We use a softmax method to produce a vector of probability 
$$
z_i:=W_{lm}h_i + b_{lm}\in \mathbb{R}^{V}\; , \text{ and } p_{\theta}(w|X_{corrupted}) := softmax(z_i)_{w}\; , 
$$
where $softmax(z_i)_{w}$ is the value at index being the token id for $w$ in $softmax(z_i)$. 

## Theory review of SBert 

The goal of SBert is to promote similarity with help of encoders, we will provide following example. 

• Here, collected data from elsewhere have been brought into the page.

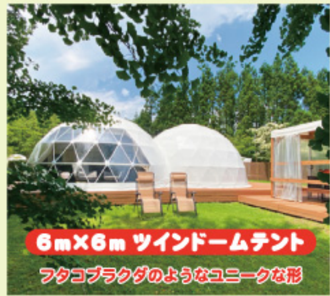
6m×6m ツインドームテント フタコブラクダのようなユニークな形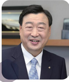
이희범 전 산업통상자원부 장관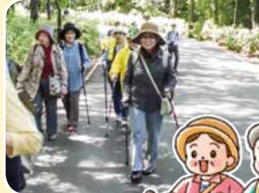
▲ノルディックウオーキング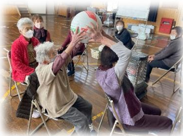
声を掛けながら後ろから前にボールを送ります。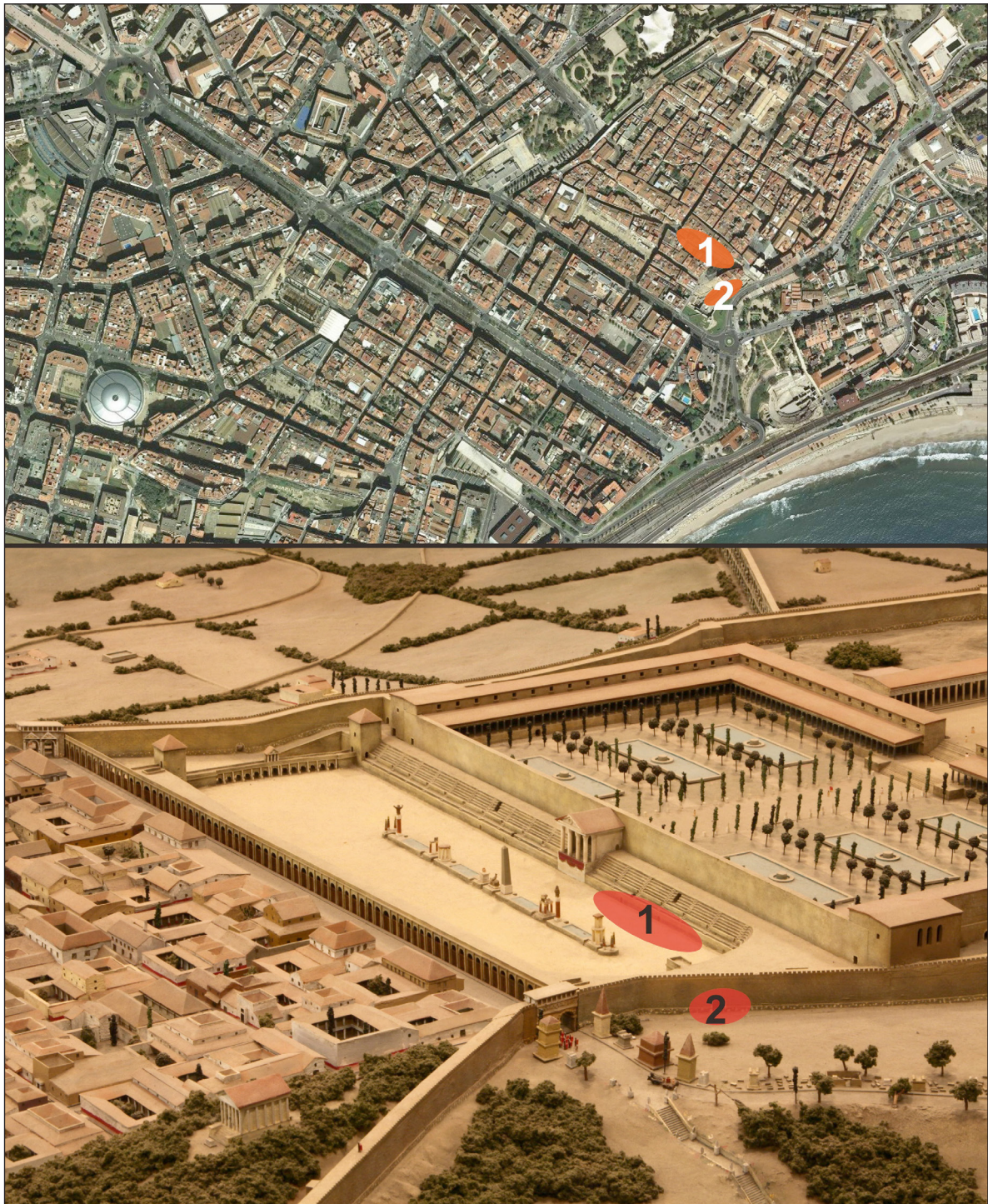
Figura 1. Situació de les excavacions en el context del circ romà de Tarragona. 1: C/ Trinquet Vell, 2: Porta Triumphalis

de mitjana, que ha permès reintegrar aquesta part del monument, ahora que dignificar-lo en el marc de l'arranjament del carrer.

We choose and fix a baseline encoder with certain parameter $\theta$ (e.g. the Bert encoder with only the padding mask and WITHOUT any corruption mask), which we denote with following 
$$
H:=(h_1,\cdots, h_L):=H_{\theta}(s)\in\mathbb{R}^{L\times d}\; , 
$$
where $s$ is a sentence padded to length $L$. 

We then choose a pooling function, for instance, the mean polling 
$$
u:=P_{mean}(H) = \frac{1}{\sum_{l=1}^L m_l}\sum\limits_{l=1}^L m_lh_l\; , 
$$
where $m_l$ is the "anti-padding-indicator" so that $m_l=1$ if position l is NOT a padding, and $0$ otherwise. 
There are otherwise pooling functions, for instance, we may simply choose $h_{CLS}=h_1$ as the pooling (this is called the CLS pooling). 

Above will embed sentence $s$ to be a vector $u$. 

I practice, SBert needs some kind of human (or outside) intervention to inform of what sentences are similar (or even a continuous quantitative value indicating how much are two sentences similar to each other). 
After the similarity information is provided, the goal is to "drag" similar sentences "closer" by training both the encoder, and the pooling function. 

We will provide an example of this with the **Triplet Loss**: Consider given similarity information so that $s$ is similar to $s_+$ but not similar to $s_-$, we then can define the Triplet loss (to be minimized)
$$
\mathcal{L}_{triplet}:=max[\gamma - cos(f(s), f(s_+)) + cos(f(s), f(s_-)), 0]\;, 
$$
where $f$ is the embedding function (including the encoder and the pooling), and $\gamma>0$ is some chosen constant. This loss, if minimized, can promote similarity and demote anti-similarity.